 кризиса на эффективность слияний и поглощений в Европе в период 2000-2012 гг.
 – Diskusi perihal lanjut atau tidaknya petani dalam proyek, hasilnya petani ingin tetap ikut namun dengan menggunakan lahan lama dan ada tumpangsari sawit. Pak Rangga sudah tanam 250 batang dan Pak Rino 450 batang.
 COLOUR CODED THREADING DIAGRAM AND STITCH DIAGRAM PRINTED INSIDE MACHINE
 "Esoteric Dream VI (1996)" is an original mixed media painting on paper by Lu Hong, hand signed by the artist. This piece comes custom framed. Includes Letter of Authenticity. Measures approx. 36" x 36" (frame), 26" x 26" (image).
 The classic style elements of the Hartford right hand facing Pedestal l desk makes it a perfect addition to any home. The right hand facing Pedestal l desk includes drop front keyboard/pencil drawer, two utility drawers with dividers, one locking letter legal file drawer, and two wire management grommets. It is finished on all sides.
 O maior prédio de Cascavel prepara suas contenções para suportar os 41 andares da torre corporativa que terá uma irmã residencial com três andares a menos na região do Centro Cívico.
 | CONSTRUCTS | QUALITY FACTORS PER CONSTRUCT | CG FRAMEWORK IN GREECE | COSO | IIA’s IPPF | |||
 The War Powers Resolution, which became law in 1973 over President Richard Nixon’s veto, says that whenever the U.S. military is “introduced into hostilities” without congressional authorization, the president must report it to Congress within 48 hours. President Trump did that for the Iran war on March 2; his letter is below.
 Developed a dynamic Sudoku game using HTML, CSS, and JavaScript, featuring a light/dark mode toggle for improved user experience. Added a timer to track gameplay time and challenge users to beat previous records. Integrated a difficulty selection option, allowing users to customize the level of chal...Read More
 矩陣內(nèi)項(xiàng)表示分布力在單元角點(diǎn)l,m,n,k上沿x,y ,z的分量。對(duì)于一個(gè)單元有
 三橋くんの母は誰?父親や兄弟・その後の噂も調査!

────────────────────────────────────────

▶ [EXERCISE DETAILS]:
From the records above, retype only the lines starting at the line that contains "O maior prédio" and ending at the line that contains "IIA’s IPPF | |||", both included.

▶ [SOLUTION TO THE EXERCISE]:
 O maior prédio de Cascavel prepara suas contenções para suportar os 41 andares da torre corporativa que terá uma irmã residencial com três andares a menos na região do Centro Cívico.
 | CONSTRUCTS | QUALITY FACTORS PER CONSTRUCT | CG FRAMEWORK IN GREECE | COSO | IIA’s IPPF | |||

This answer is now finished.